Вообще, что касается моей медиа империи, то за последние годы она существенно расшилась не столько «в глубину», сколько «в ширину». Как говорил Наполеон, география — это судьба, а в жизни Российской империи география просто за счет ее величины играла даже большую роль, чем в среднем по палате.
Большие расстояния между городами и трудности с логистикой приводили к тому, что поначалу мои газеты выпускались только в столицах. Все же между двумя главными городами империи было налажено достаточно регулярное движение, чтобы проблема с передачей копии уже набранного оттиска в Москву не казалась столь уж существенной. Тем более что при выпуске газеты в ежемесячном формате задержка в день-два никакой особой роли не играла.
Так же постепенно подключили к сети распространения и другие основные города империи: Варшаву, Ригу, Пермь, Тулу, Нижний Новгород, Казань. А вот с остальными — с населением в пять-пятнадцать тысяч душ — было гораздо сложнее. Плюс, чем дальше от столицы, тем локальные, сугубо местечковые события все больше выходили на первый план и соответственно отрицательно влияли на продаваемость общеимперских газет. То есть если в Петербурге пресса худо-бедно себя окупала и даже приносила дополнительную копеечку в мой бюджет, то распространение газет в каком-нибудь Киеве или Смоленске выходило предприятием сугубо убыточным.
И тут собственно виделось два возможных варианта — либо сократить охват за счет отсечения невыгодных с коммерческой точки зрения населенных пунктов, либо наоборот его углубить, добавив к основным изданиям подготавливаемые непосредственно на местах провинциальные приложения. Да, второй вариант обещал на первых парах значительное увеличение расходов, однако и перспективу давал немалую в плане влияния на умы пользу. Естественно я выбрал второй вариант, что повлекло за собой открытие филиалов моей медиа империи в двух десятках городов второго — а вернее скорее даже третьего — «эшелона значимости».
В результате штат газетчиков: репортеров, авторов, редакторов, наборщиков, техников и прочего персонала, так или иначе относящегося к издательской деятельности, к концу 1825 года перевалил за тысячу человек. Немалое достижение по любым меркам.
Более того в этом году появилось первое заграничное отделение нашего основного новостного издания. В Берлине начала издаваться газета «Wahrheit», причем сразу на двух языках: на русском и на немецком.
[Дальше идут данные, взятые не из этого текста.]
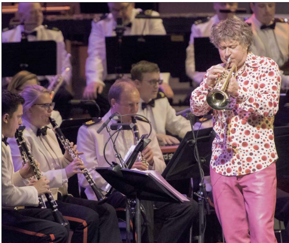
Eric Vloeimans.

Dit voorjaar heeft de kapel weer fijn met verschillende (en nieuwe) solisten kunnen samenwerken. Allereerst werd het rondje langs 10 theaters samen met top-trompettist Eric Vloeimans in Arnhem afgesloten.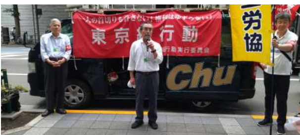
「日本製鉄元徴用工裁判を支援する会」がアピール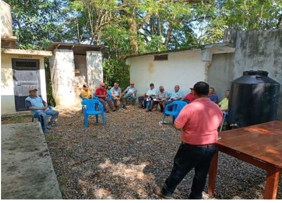
Evidencia 1. - Aplicación Del CENSO Agropecuario en Chalchitepetl.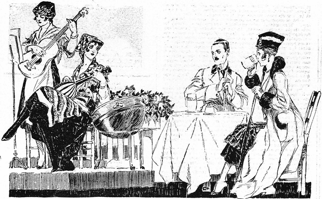
Τὴν παρέσυραν στὰ γλέντια καὶ στοὺς χορούς...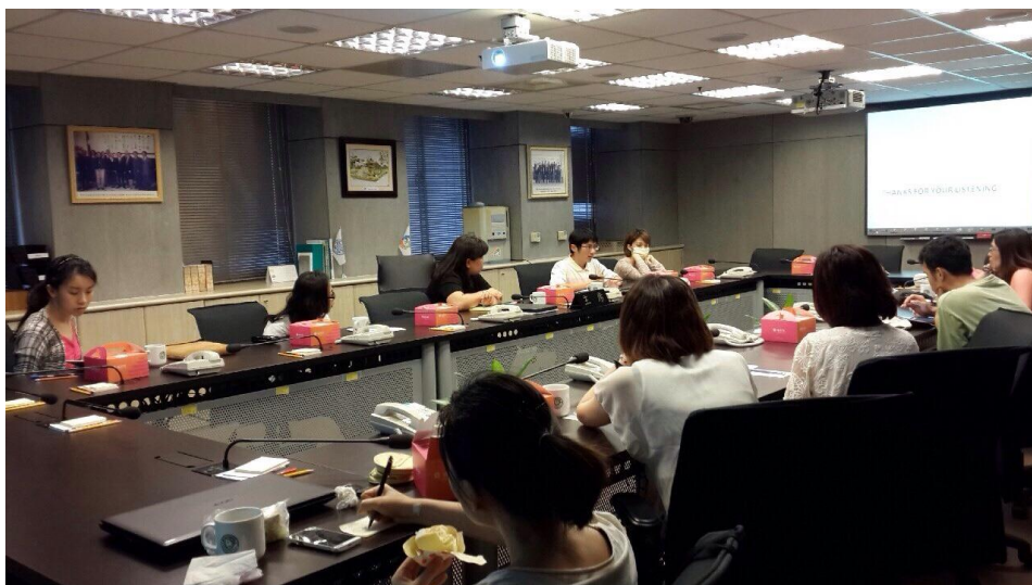
圖七 疫病故事工作坊「愛滋疫病故事分享」實況

第三場次於 3 月 27 日在疾管署舉辦「愛滋疫病故事分享」，計有 9 位編劇及導演與會；第四場次於 5 月 7 日下午四時三十分於疾管署之「《全境擴散》疫病電影賞析」，有 5 名編劇與會；第五場次於 6 月 4 日舉辦「流感疫病故事分享」，計有 7 名編劇及導演與會；第六場次於 7 月 16 日舉行，主題為「《鐵線蟲入侵》疫病電影賞析」，有 8 位編劇及導演與會；第七場次於 10 月 15 日辦理「人畜共通疫病故事分享」，共 9 位編劇及導演與會。7 場疫病故事工作坊，一共吸引計 82 人次國內資深或新銳劇作家與會，疫病故事工作坊會議記錄可參考歷年報告，相關實況見下圖（ 圖七 ）。

Далеко не факт, что Прусский король был в большом восторге от такого идеологического вторжения на свою поляну, однако объективно он пока от нас слишком зависел, чтобы делать чересчур резкие движения. Ну а я просто пользовался ситуацией.
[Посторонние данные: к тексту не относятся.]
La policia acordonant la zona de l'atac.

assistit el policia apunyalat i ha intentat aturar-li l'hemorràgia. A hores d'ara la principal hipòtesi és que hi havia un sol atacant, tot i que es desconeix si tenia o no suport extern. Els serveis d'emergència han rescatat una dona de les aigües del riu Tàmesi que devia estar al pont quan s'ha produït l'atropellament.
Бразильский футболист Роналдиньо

А еще 1825-й вошел в историю как год, когда в газете впервые напечатали фотоизображение. Собственно, и до этого иногда в газетах печатались иллюстрации, однако их изготовление было делом крайне сложным, по сути, ювелирным. Нужно было выгравировать уникальное клише, оттиск которого потом использовался для нанесения краски. Дело это было сложным, муторным, дорогим, а главное — результат был достаточно недолговечным, быстро теряющим в процессе работы мелкие детали, отчего изображениями в прессе редко кто заморачивался.
С перенесением фотографии же все было гораздо проще и сложнее одновременно, поскольку гравировка происходила с помощью травления электролизом. Да и тут длительность жизни штампа оставляла желать лучшего, вот только стоимость его изготовления падала настолько, что этим можно было не слишком заморачиваться.
Естественно впервые эта технология была применена в декабрьском выпуске «Правды», где коллектив газеты верноподданнически поздравлял императора с сорокавосьмилетием. Собственно, именно фотопортрет императора и был той самой первой напечатанной в газете фотографией.
Что качается Александра, то он счастливо пережил ноябрь-декабрь 1825 года. Ни смерти императора, ни восстания декабристов в этой истории не случилось.